:: DATASET EXCERPT ::
***
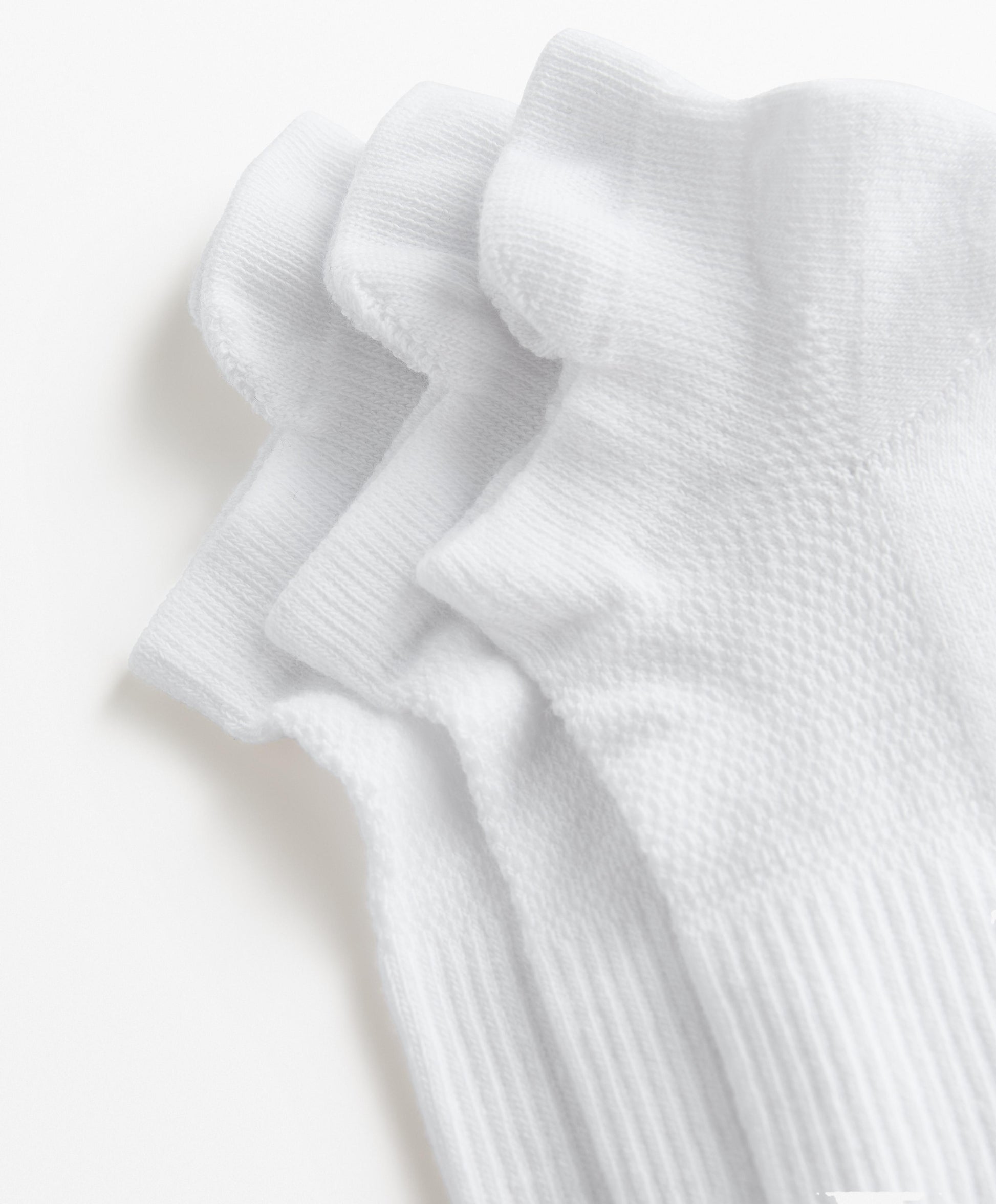 Ref. 2870/490/250 Pack of 3 pairs of sports sneaker cotton-blend socks with visible tab at the heel. Featuring flat seams, mesh on the instep and arch support for added grip.Materials and care instructions
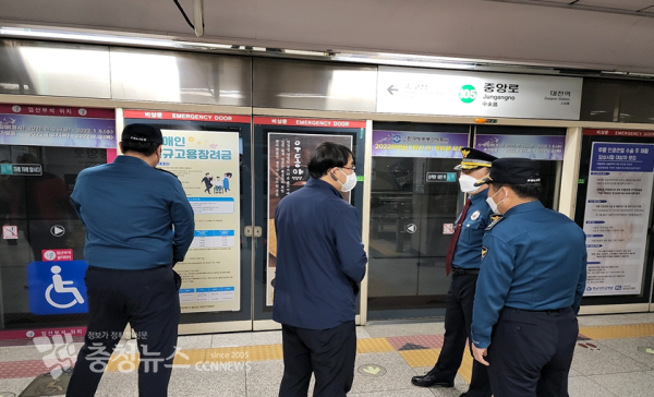 [충청뉴스 김윤아 기자] 대전중부경찰서(총경 김선영)는 11일 다중이용시설인 중앙로역과 오룡역을 방문해 대테러 예방 관련 시설 점검을 실시했다.
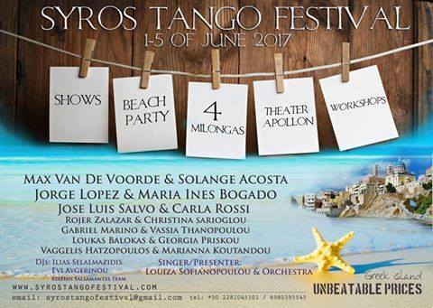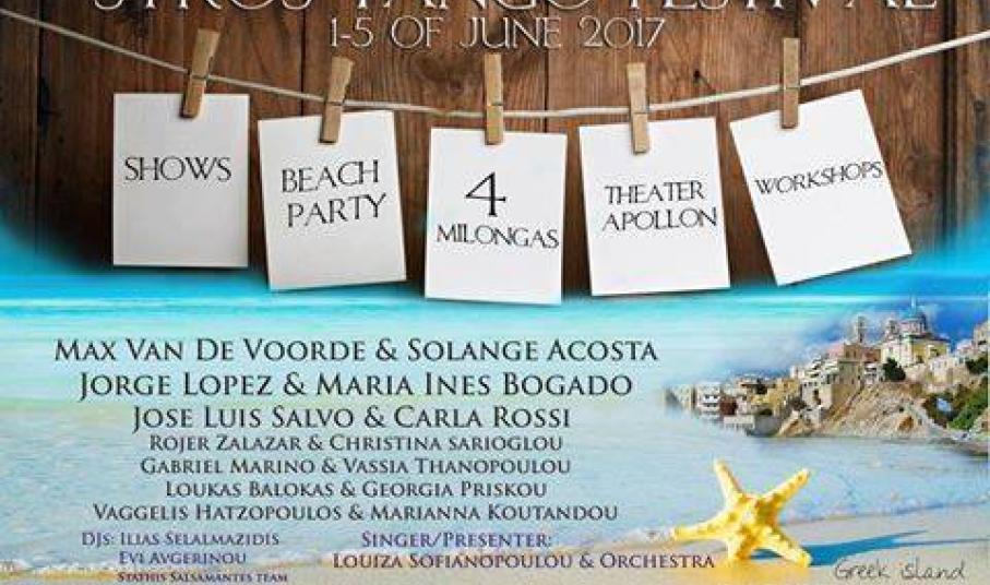 Την αυλαία των μεγάλων διοργανώσεων ανοίγει το 2ο Διεθνές Φεστιβάλ Tango, που θα διεξαχθεί στη Σύρο από 1 έως 5 Ιουνίου 2017. Το φιλότεχνο κοινό θα έχει την ευκαιρία να απολαύσει καταξιωμένα ονόματα της διεθνούς σκηνής όπως οι: Max Van De Voorde & Solange Acosta (Παγκόσμιοι πρωταθλητές 2011), Jorge Lopez & Maria Ines Bogado (Παγκόσμιοι πρωταθλητές 2010), Jose Luis Salvo & Carla Rossi (Metropolitano Champion 2014) και (Rojer Zalazar & Χριστίνα Σαριόγλου (Europeean Champions 2010). Στη διοργάνωση συμμετέχουν επίσης οι: Gabriel Marino & Βάσια Θανοπούλου (πρωταθλητές Ευρώπης 2011), Λουκάς Μπαλόκας & Γεωργία Πρίσκου (International career and owners of Tango FIX dance school) και Βαγγέλης Χατζόπουλος & Μαριάννα Κουτάντου (παγκόσμιοι πρωταθλητές 2013). Τις εκδηλώσεις του φεστιβάλ θα πλαισιώσει η ερμηνεύτρια Λουίζα Σοφιανοπούλου.
***
:: DESCRIPTION OF THE TASK ::
In copying the listing, reproduce each line exactly and omit the pictures.

:: ANSWER FOR THIS EXERCISE ::
 Ref. 2870/490/250 Pack of 3 pairs of sports sneaker cotton-blend socks with visible tab at the heel. Featuring flat seams, mesh on the instep and arch support for added grip.Materials and care instructions
 [충청뉴스 김윤아 기자] 대전중부경찰서(총경 김선영)는 11일 다중이용시설인 중앙로역과 오룡역을 방문해 대테러 예방 관련 시설 점검을 실시했다.
 Την αυλαία των μεγάλων διοργανώσεων ανοίγει το 2ο Διεθνές Φεστιβάλ Tango, που θα διεξαχθεί στη Σύρο από 1 έως 5 Ιουνίου 2017. Το φιλότεχνο κοινό θα έχει την ευκαιρία να απολαύσει καταξιωμένα ονόματα της διεθνούς σκηνής όπως οι: Max Van De Voorde & Solange Acosta (Παγκόσμιοι πρωταθλητές 2011), Jorge Lopez & Maria Ines Bogado (Παγκόσμιοι πρωταθλητές 2010), Jose Luis Salvo & Carla Rossi (Metropolitano Champion 2014) και (Rojer Zalazar & Χριστίνα Σαριόγλου (Europeean Champions 2010). Στη διοργάνωση συμμετέχουν επίσης οι: Gabriel Marino & Βάσια Θανοπούλου (πρωταθλητές Ευρώπης 2011), Λουκάς Μπαλόκας & Γεωργία Πρίσκου (International career and owners of Tango FIX dance school) και Βαγγέλης Χατζόπουλος & Μαριάννα Κουτάντου (παγκόσμιοι πρωταθλητές 2013). Τις εκδηλώσεις του φεστιβάλ θα πλαισιώσει η ερμηνεύτρια Λουίζα Σοφιανοπούλου.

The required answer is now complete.